A verbatim reproduction of the following listing is required; omit the pictures.

- [DATA SECTION]
::::::::

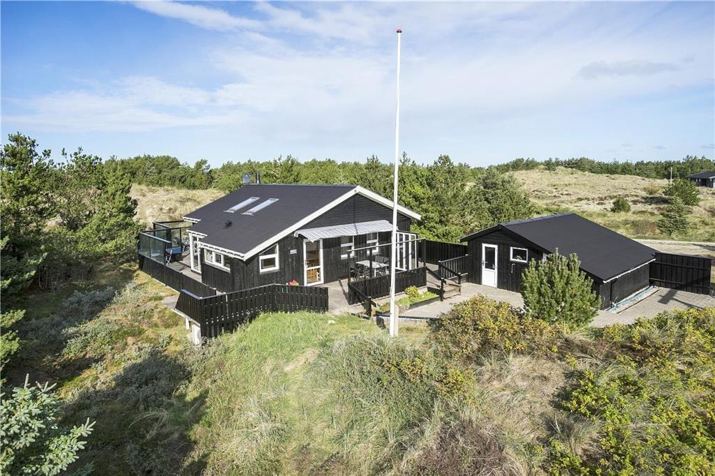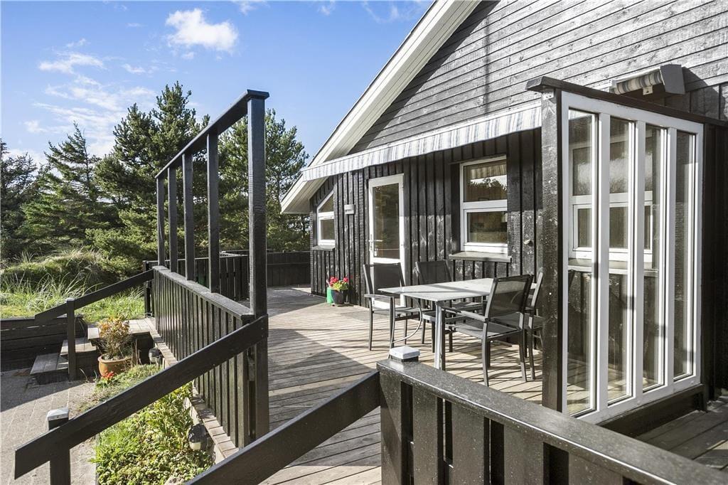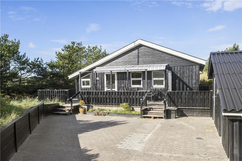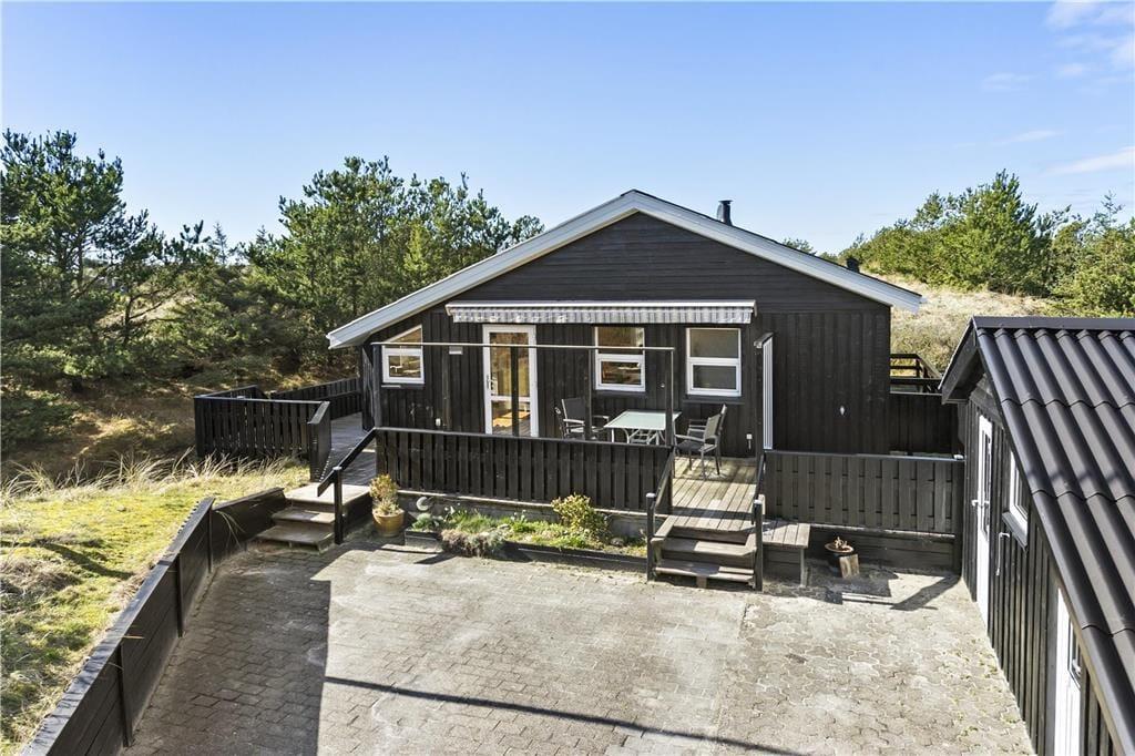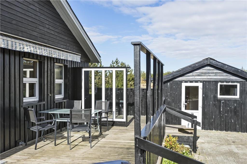 Udendørs kan du virkelig nyde ferielivet på den store terrasse, som omgiver huset. Den sydvendte terrasse giver dig mulighed for at finde sol hele dagen og nyde de smukke omgivelser med udsigt til klitlandskabet. Uanset om du vil nyde morgenkaffen i solen, slappe af med en god bog eller nyde et måltid under åben himmel, er der altid en dejlig plads på terrassen. Den ugenerte placering betyder, at du kan være helt for dig selv, mens du nyder den friske luft. Det er også et perfekt sted at samle familien og hygge sig på de lune sommeraftener, mens brændeovnen står klar til at skabe ekstra varme på de køligere dage.
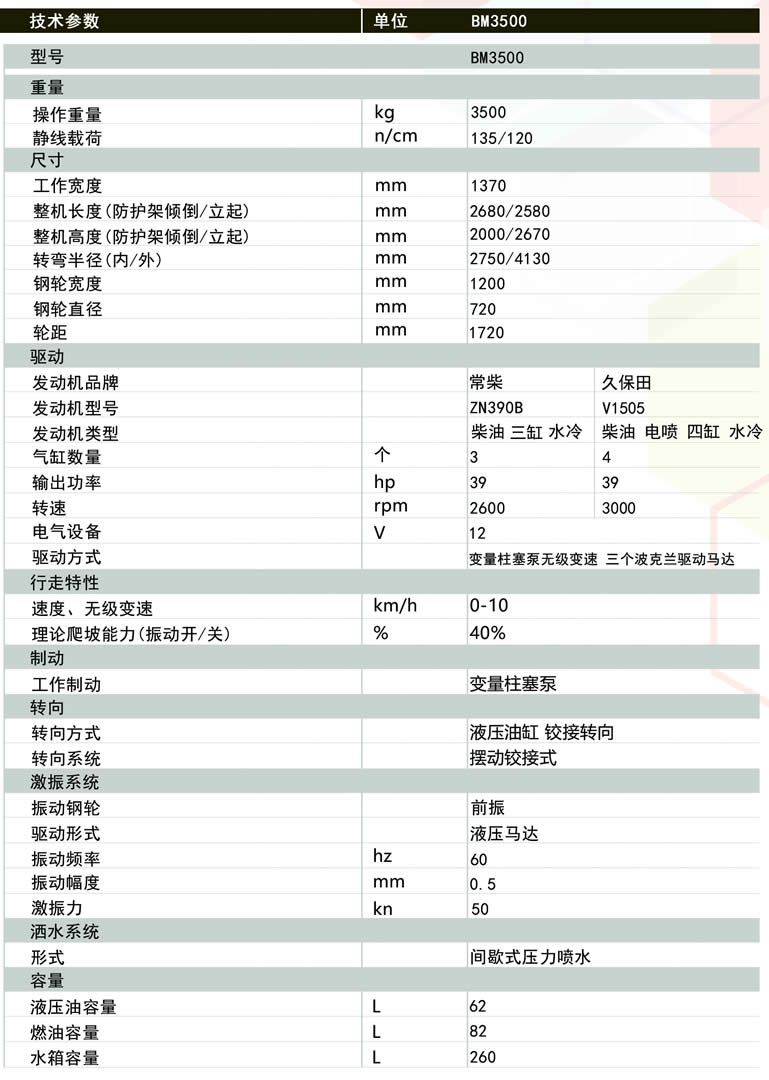 >> 新款3.5噸前鋼后膠座駕式壓路機BM3500
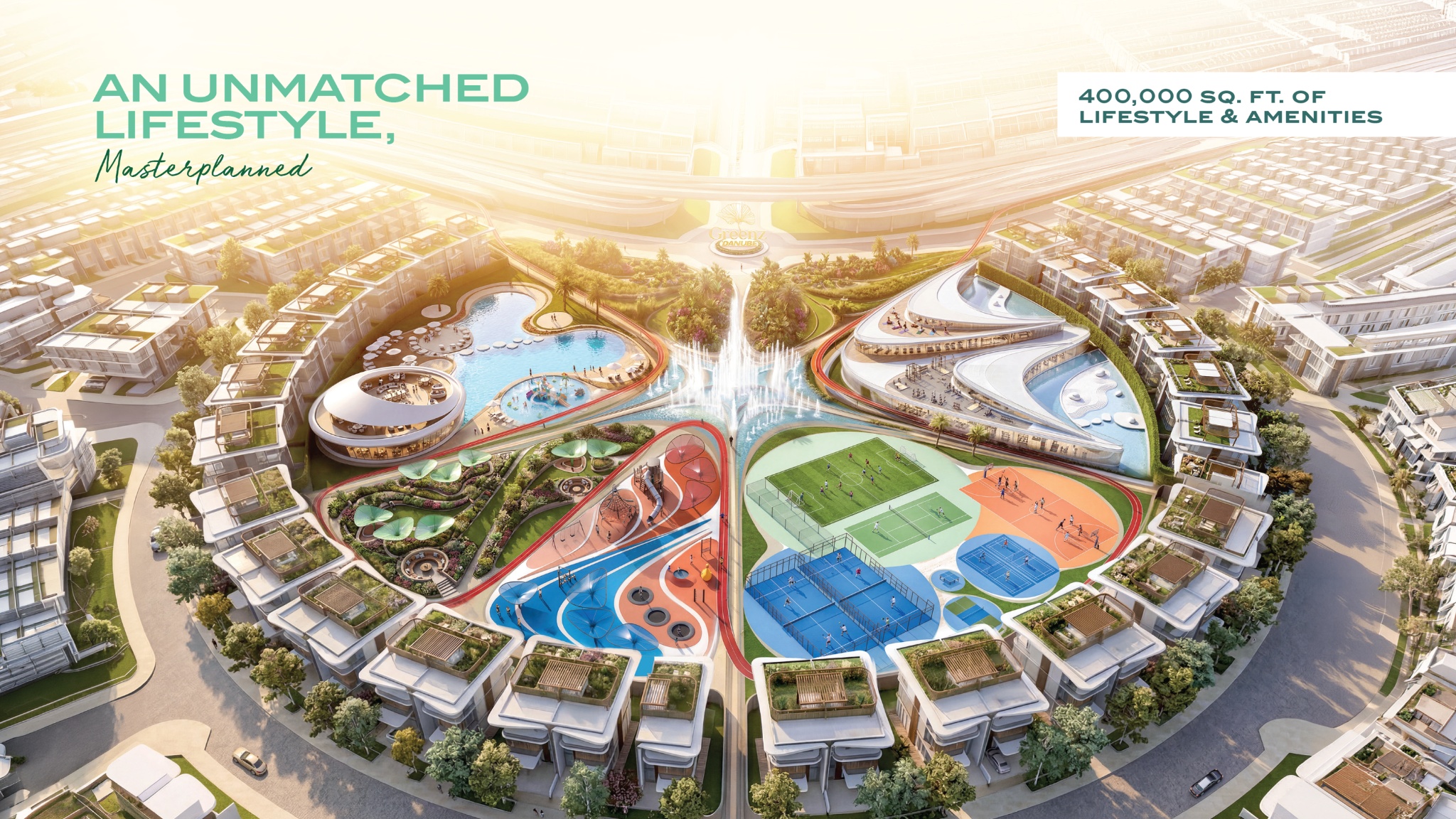 Greenz by Danube הוא פרויקט של בתים פרטיים בפורמט משפחתי רחב, הכולל טאון האוסים ווילות מרוהטים במלואם. מיצוב הפרויקט מבוסס על שילוב בין יחידות גדולות של 3, 4 ו-5 חדרי שינה עם חדר עוזרת, מפרטי ריהוט מלאים ומוצר מגורים שמכוון לקהל המחפש נכס רחב היקף בקטגוריית Off-Plan. תמהיל היחידות, שטחי הבינוי והמחירים מציבים את הפרויקט בפלח הפרימיום של שוק הווילות והטאון האוסים, עם דגש על נכסים מרווחים יותר מהיצע דירות סטנדרטי.

::::::::

- [COMPLETED TASK]
 Udendørs kan du virkelig nyde ferielivet på den store terrasse, som omgiver huset. Den sydvendte terrasse giver dig mulighed for at finde sol hele dagen og nyde de smukke omgivelser med udsigt til klitlandskabet. Uanset om du vil nyde morgenkaffen i solen, slappe af med en god bog eller nyde et måltid under åben himmel, er der altid en dejlig plads på terrassen. Den ugenerte placering betyder, at du kan være helt for dig selv, mens du nyder den friske luft. Det er også et perfekt sted at samle familien og hygge sig på de lune sommeraftener, mens brændeovnen står klar til at skabe ekstra varme på de køligere dage.
 >> 新款3.5噸前鋼后膠座駕式壓路機BM3500
 Greenz by Danube הוא פרויקט של בתים פרטיים בפורמט משפחתי רחב, הכולל טאון האוסים ווילות מרוהטים במלואם. מיצוב הפרויקט מבוסס על שילוב בין יחידות גדולות של 3, 4 ו-5 חדרי שינה עם חדר עוזרת, מפרטי ריהוט מלאים ומוצר מגורים שמכוון לקהל המחפש נכס רחב היקף בקטגוריית Off-Plan. תמהיל היחידות, שטחי הבינוי והמחירים מציבים את הפרויקט בפלח הפרימיום של שוק הווילות והטאון האוסים, עם דגש על נכסים מרווחים יותר מהיצע דירות סטנדרטי.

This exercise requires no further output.